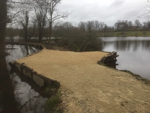 Tout est à porté de canne sur ce poste, bordures, arbres immergés, rocher digue, banc de sable, moine ( ouvrage de vidange ) ...
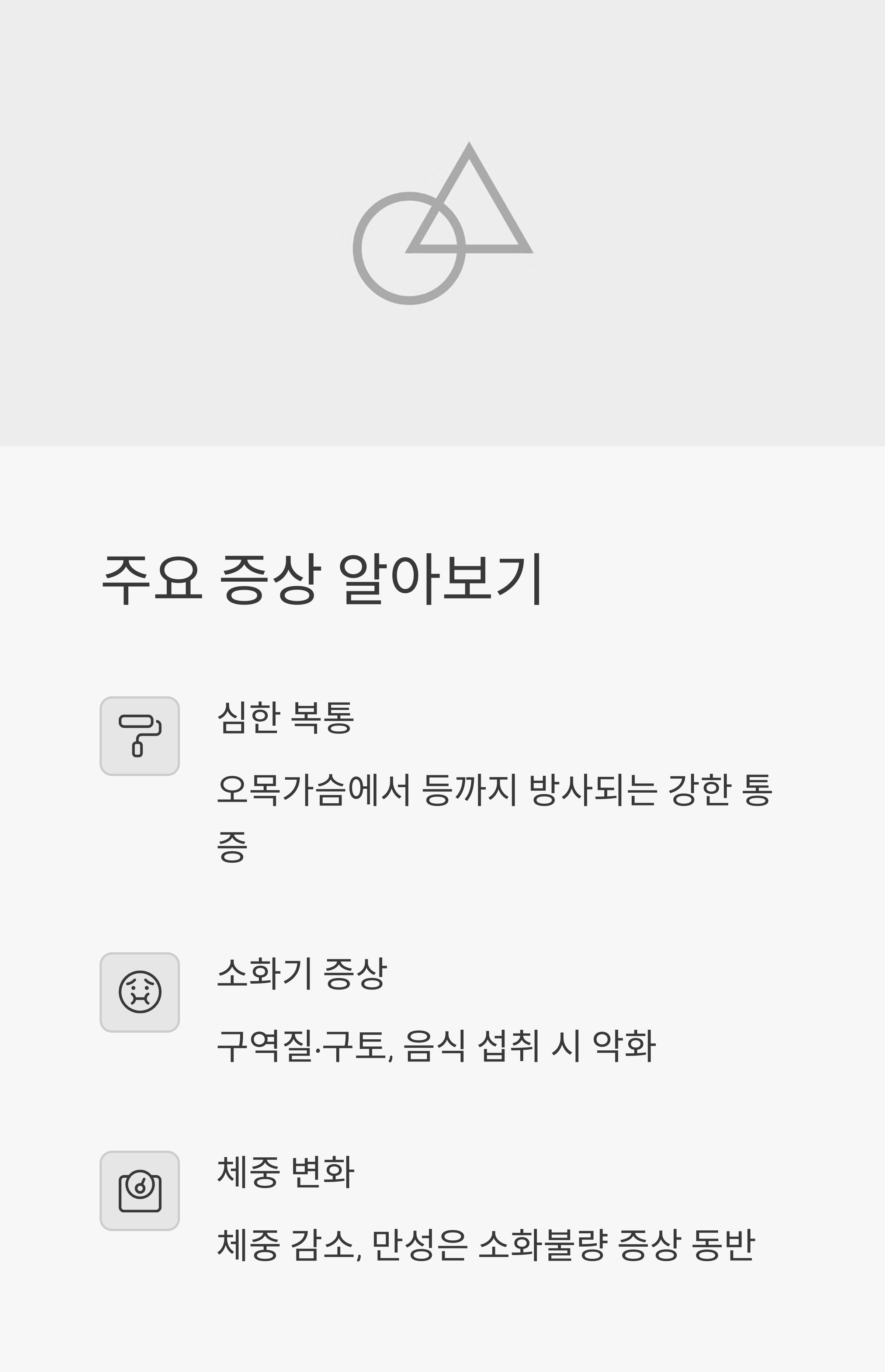 - 명치 부위 중심의 심한 복통 (등으로 방사되기도 함)
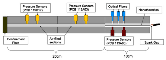 In the work [183], the system shown in the figure above was used. A plastic tube, 3.2 mm in internal diameter and 101.6 mm in length, was elaborated with 200 mg of the composition under study. The element thus prepared, after being closed in a steel die, was ignited with a spark igniter. The burning velocity was calculated on the basis of the operation time of the corresponding photodetectors. The same measurement system was used to study Al/CuO nanothermite [175] in parallel with the “on chip” measurement, in [185] to study Al/CuO, in [100] for Si/NaClO4 [180], for Al/Fe2O3. In [16], a system similar to the above has been described, where nanothermite placed in a plastic tube is enclosed in a steel matrix equipped with both photodetectors and pressure sensors. Such an arrangement allows for simultaneous detection of the FPV as well as the speed and position of the pressure wave. A further part of the system, similar in design to the shock tube, allows for the measurement of pressure characteristics.
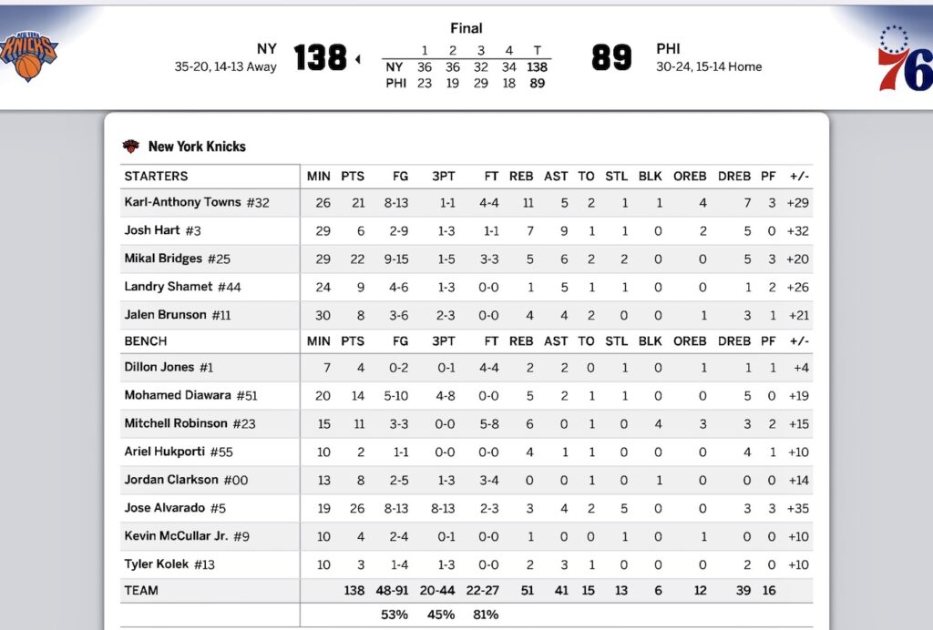 ディアワラ スリー4本決定(キャリアハイタイ)、ベンチ勢で72得点の大活躍!ブランソン30分8得点(3pt2-3)&シュートアテンプト6本はシーズンロー(怪我で出場5分だったキングス戦除く)「キャップは皆んなのためにプレーして8得点でもチームは138得点、ボールムーブが素晴らしい」と話題になっててさすが♡
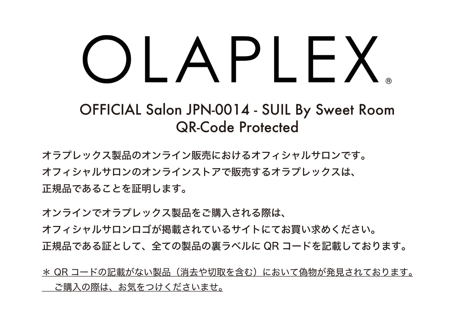OLAPLEXをはじめとして、SUIL ONLINE SHOPで取り扱う商品は全て正規品でございます。
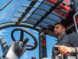The RTH 5.21 is a simple yet high-performance rotating telescopic handler. It can lift loads up to a height of 21 m and is equipped with pivoting stabilizers to guarantee stability and safety during all operational manoeuvres. It is also equipped with a safe load indicator to inform the driver of the risk of overloading the machine during use and features three steering modes. It is compatible with a wide range of accessories thanks to its RFID system which allows automatic recognition of attachments and creation of the corresponding load charts. This telescopic handler is the ideal solution to a long list of requirements in the construction and production sectors.
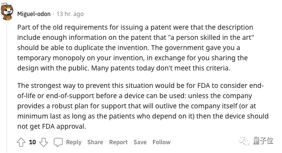 还有人建议,申请专利时,创业公司理应附带提交一份支持计划,保证患者们长期能获得设备维修及零件更换,否则,监管部门不应该批准其专利通过。

--------------------------------------------------

▶ PROBLEM TO WORK ON
Repeat the listing above word for word and leave its images out.

▶ EXPECTED OUTPUT
 Tout est à porté de canne sur ce poste, bordures, arbres immergés, rocher digue, banc de sable, moine ( ouvrage de vidange ) ...
 - 명치 부위 중심의 심한 복통 (등으로 방사되기도 함)
 In the work [183], the system shown in the figure above was used. A plastic tube, 3.2 mm in internal diameter and 101.6 mm in length, was elaborated with 200 mg of the composition under study. The element thus prepared, after being closed in a steel die, was ignited with a spark igniter. The burning velocity was calculated on the basis of the operation time of the corresponding photodetectors. The same measurement system was used to study Al/CuO nanothermite [175] in parallel with the “on chip” measurement, in [185] to study Al/CuO, in [100] for Si/NaClO4 [180], for Al/Fe2O3. In [16], a system similar to the above has been described, where nanothermite placed in a plastic tube is enclosed in a steel matrix equipped with both photodetectors and pressure sensors. Such an arrangement allows for simultaneous detection of the FPV as well as the speed and position of the pressure wave. A further part of the system, similar in design to the shock tube, allows for the measurement of pressure characteristics.
 ディアワラ スリー4本決定(キャリアハイタイ)、ベンチ勢で72得点の大活躍!ブランソン30分8得点(3pt2-3)&シュートアテンプト6本はシーズンロー(怪我で出場5分だったキングス戦除く)「キャップは皆んなのためにプレーして8得点でもチームは138得点、ボールムーブが素晴らしい」と話題になっててさすが♡
OLAPLEXをはじめとして、SUIL ONLINE SHOPで取り扱う商品は全て正規品でございます。
The RTH 5.21 is a simple yet high-performance rotating telescopic handler. It can lift loads up to a height of 21 m and is equipped with pivoting stabilizers to guarantee stability and safety during all operational manoeuvres. It is also equipped with a safe load indicator to inform the driver of the risk of overloading the machine during use and features three steering modes. It is compatible with a wide range of accessories thanks to its RFID system which allows automatic recognition of attachments and creation of the corresponding load charts. This telescopic handler is the ideal solution to a long list of requirements in the construction and production sectors.
 还有人建议,申请专利时,创业公司理应附带提交一份支持计划,保证患者们长期能获得设备维修及零件更换,否则,监管部门不应该批准其专利通过。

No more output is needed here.